If the humpbacks were able navigate south around Marin County's Tiburon Peninsula and nearby Angel Island, few obstacles would have been left on their route past Alcatraz to the Pacific Ocean.

Rescuers planned to rely on commercial vessels and Coast Guard patrols on regular duty to spot the pair, which have been easily sighted throughout their inland journey, if they were still hiding in the bay.

Authorities sent several boats west of the Golden Gate to try to confirm the whales had returned to the ocean, officials said.

"The assumption is if we have not sighted the mother and calf by late afternoon that they have made their way out to the Pacific," Fees said.

The duo was first spotted May 13 and got as far as 90 miles inland to the Port of Sacramento before turning around.

Biologists originally had planned to attach a satellite tracking tag to the mother humpback, but gusty winds and malfunctioning equipment stymied that effort.

Despite the apparently anticlimactic end to the humpbacks' saga, which has attracted thousands to Northern California waterfronts, biologists said the chance to closely observe the pair for so long was invaluable for science.

"While they may have gone on their way, we still have the benefit of all the information we haven't had access to before," Fees said. "If we learned anything about these two, it is that they will do what they do when they want to do it."

Ariadne Green, 57, of Vallejo, was one of many who came to catch what may have been a final glimpse of the pair Tuesday after traveling last week to Rio Vista, where the whales circled for a week before heading ocean-ward.

She described the humpbacks' inland visit as a "profound spiritual experience" but was equally grateful for their departure.

"They need to go home now because their health is in jeopardy," Green said. "It's good to know they're on their way back."

Biologists said the saltier water where the mother humpback whale and her calf had been swimming since leaving Rio Vista helped reverse some of the health problems caused by long exposure to fresh water.

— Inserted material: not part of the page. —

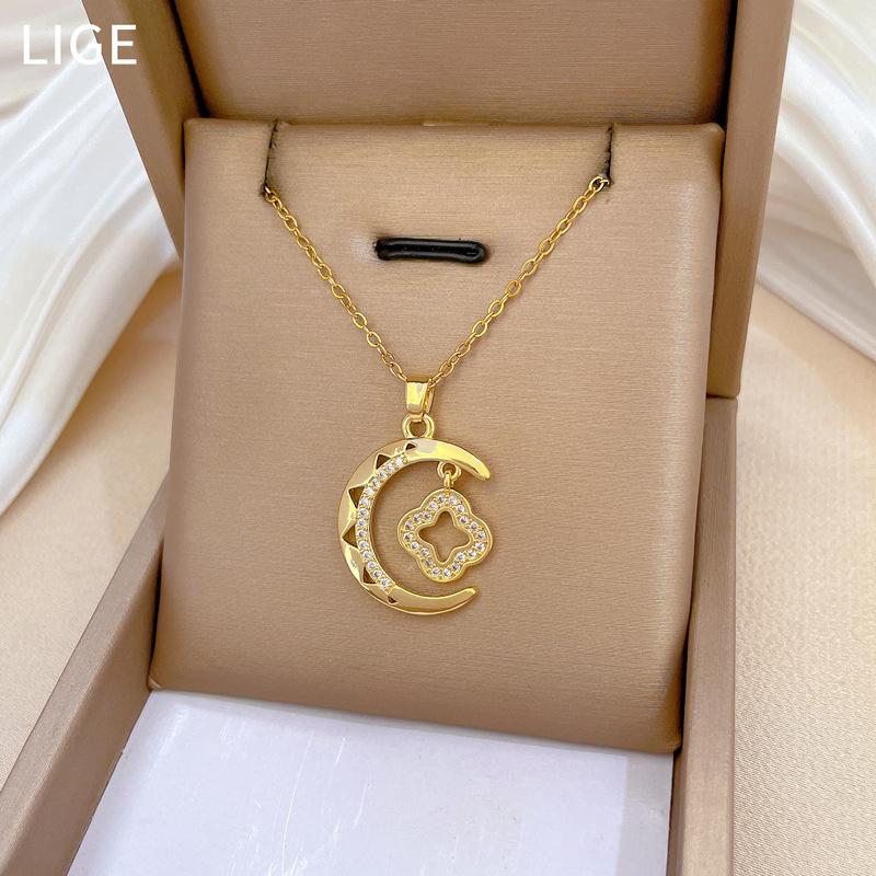 Moon Lucky Grass Full Diamond Light Luxury Temperament Gorgeous Full Diamond Necklace Female Versatile Clavicle Chain Titanium Steel

Lesions that had formed on the humpbacks' skin over the weekend appeared to be sloughing off, Fees said. Scientists also reported that a coating of algae that was clinging to the mother farther upriver had fallen away.

Recent photographs showed that serious wounds suffered by both whales also had appeared to begin healing, said Rod McInnis, a spokesman for the National Oceanic and Atmospheric Administration.

Antibiotics were injected into the whales on Saturday to try to slow the damage from the gashes, likely from a boat's keel.

A convoy of boats had been escorting the pair to protect them from heavy ship traffic in the bay.